Fluorescein angiography demonstrates a crescent-shaped delay filling at the site of the choroidal rupture. Early on there is a hypoperfusion of the choroidal artery. Evidence of the choroidal rupture hyperfluorescent streak occurred in the late phase of the FA at the site of the choroidal rupture (Fig. 27.8a–c). In another case it is possible to observe besides the choroidal rupture and progressive hyperfluorescent lesion in the macular area corresponding to a secondary CNV (Fig. 27.9a–d). ICG may also disclose a hypofluorescent rim along the choroidal veins as signs of an increased permeability of the choriocapillaris. These feeder vessels seem to have a greater caliber and a higher tendency to proliferate and are therefore more resistant to photodynamic therapy (PDT) and selective feeder vessel treatment as demonstrated by us previously (Mennel et al. 2005). More recently some case reports have been published treating this secondary CNV with anti-VEGF therapy such as bevacizumab or ranibizumab (Janknecht 2011; Piermarocchi and BenettiE 2011).

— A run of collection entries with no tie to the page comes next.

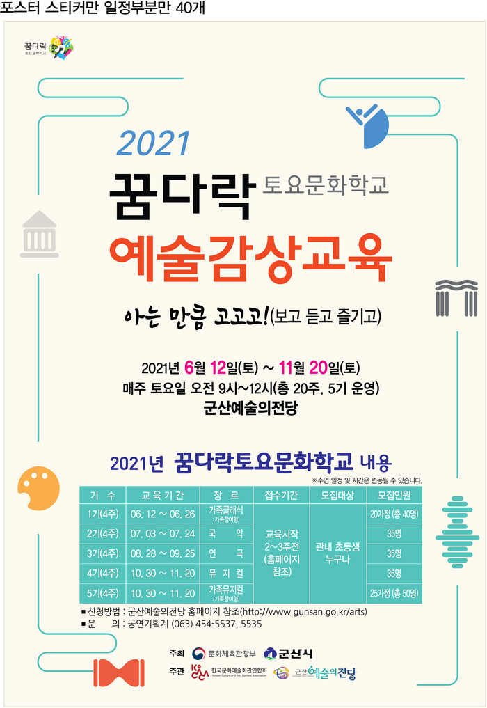 꿈다락 토요문화학교는 가족클래식(1기), 국악(2기), 연극(3기), 뮤지컬(4기), 가족뮤지컬(5기)의 수업으로 구성해 추진 중이다. 관내 초등생은 누구나 수강 가능하고 수강료는 무료다. 자세한 교육일정 및 접수방법은 군산예술의전당 홈페이지를 통해 확인 가능하다.
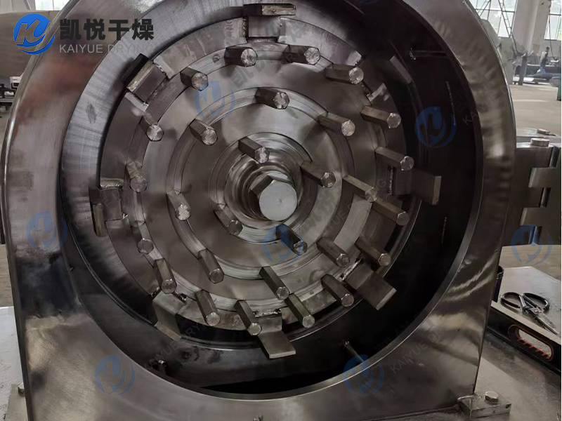 2、本机的工作原理是物料进入粉碎室,在高速旋转的活动齿盘与固定齿盘间受齿的冲击、剪切、磨擦及物料间的相互撞击的作用下被粉碎,经筛网筛选后即成为所需的粉料。
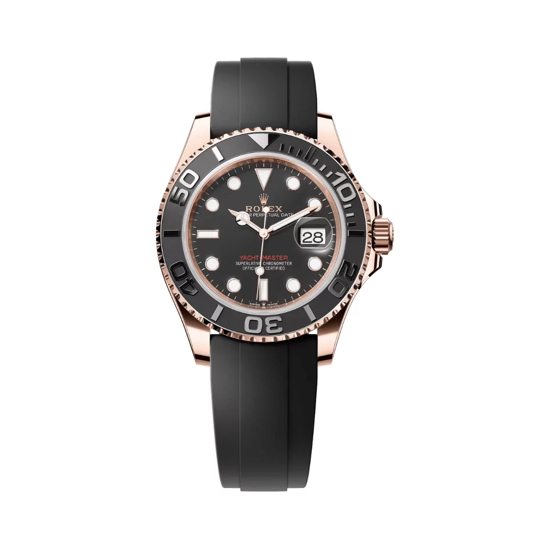The Rolex Yacht Master 126655-0002 is a luxurious men’s watch that combines elegance and performance. It features a 40mm Oyster case crafted from 18 ct Everose gold, paired with a black dial for a bold, stylish look.
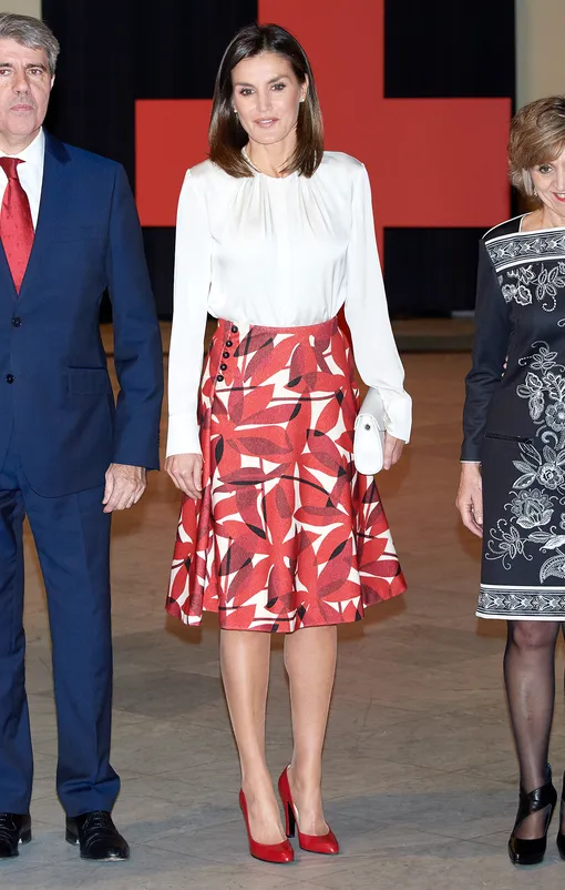 Не только Кейт Миддлтон не боится надевать одни и те же вещи несколько раз: королева Испании Летиция дала второй шанс миди-юбке Carolina Herrera А-силуэта с ярким цветочным принтом. Добавив к ней белую шелковую блузку Hugo Boss с манжетами и алые лаковые лодочки на высоком каблуке, супруга короля Филиппа VI отправилась на мероприятие в честь столетия школы медсестер при Центральном госпитале Cruz Roja в Мадриде.
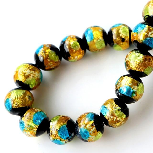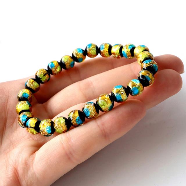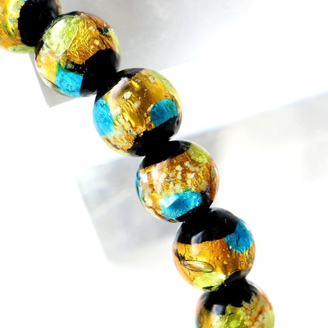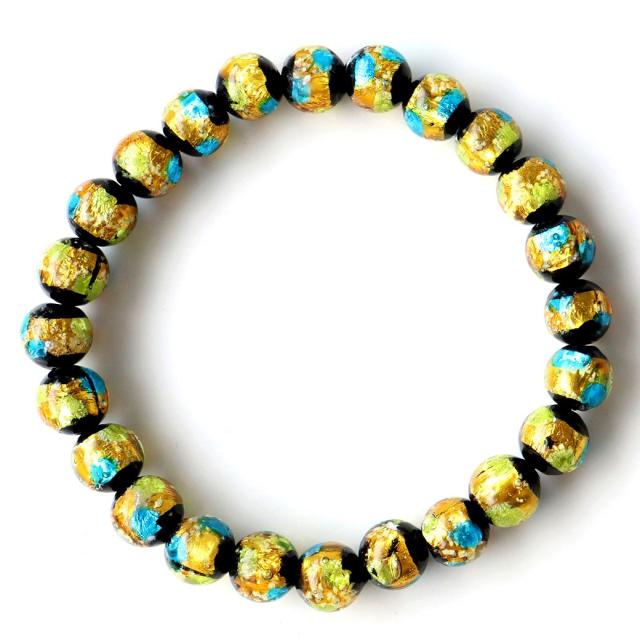 光る ホタルガラス イエロー ブルー MIX 8mm ブレスレット とんぼ玉 青色 黄色 沖縄 お土産 ネコポス送料無料
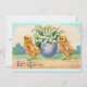 This Easter brunch invitation features a vintage Easter image, of chicks carrying an egg full of flowers. The border and background colour, and text on the back, can be customised as needed.
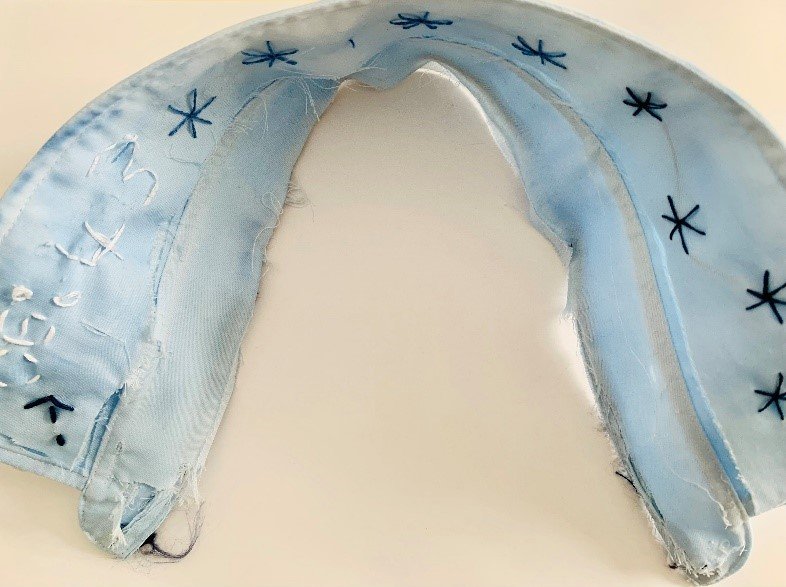 I have deliberately frayed this collar more, emphasising the elements that the collar is made up of. Then using a variation on Running stitch I embroidered the digital time and Star stitched around the inside of the collar too. The stars represent the fact my husband has just been promoted at work- he’s a rising star and they also look like flowers, as this is part of my routine every day - to tend to the garden.

SD-OCT highlights the cross-sectional features of choroidal ruptures. The first case demonstrated a mounted subretinal lesion corresponding with fibrovascular scar tissue and some fluid underneath and inside the retina showing an active CNV secondary to a choroidal rupture (Fig. 27.9e–f).

In the second case, there was an irregular hyporeflective vertical failure corresponding to the choroidal rupture and a hyperreflective band radiating from the subretinal space through the entire neuroretina to the retinal surface, indicating a transretinal migration of fibrovascular cells (Fig. 27.10a, b).

The term “Valsalva retinopathy” was first used in 1972 by Duane to describe preretinal hemorrhages secondary to a sudden increase of intrathoracic pressure, in association after vomiting, coughing, heavy lifting, or straining stool, although in some instances no initiating event can be ruled out (Duane 1972). After the Valsalva maneuver, a sudden rise in the intraocular venous pressure causes retinal capillaries to spontaneously rupture; the consequence is the hemorrhage. A well-circumscribed, round, or dumbbell-shaped mound of preretinal blood is seen in or near the central macular area.

The most common site for this hemorrhage is the posterior pole, where the premacular bursa provides a preexisting anatomic space (Foos 1972). In addition the ILM (internal limiting membrane) has no firm attachments to the retina at the posterior pole, thus predisposing hemorrhagic detachments between both layers (Fig. 27.11a, b).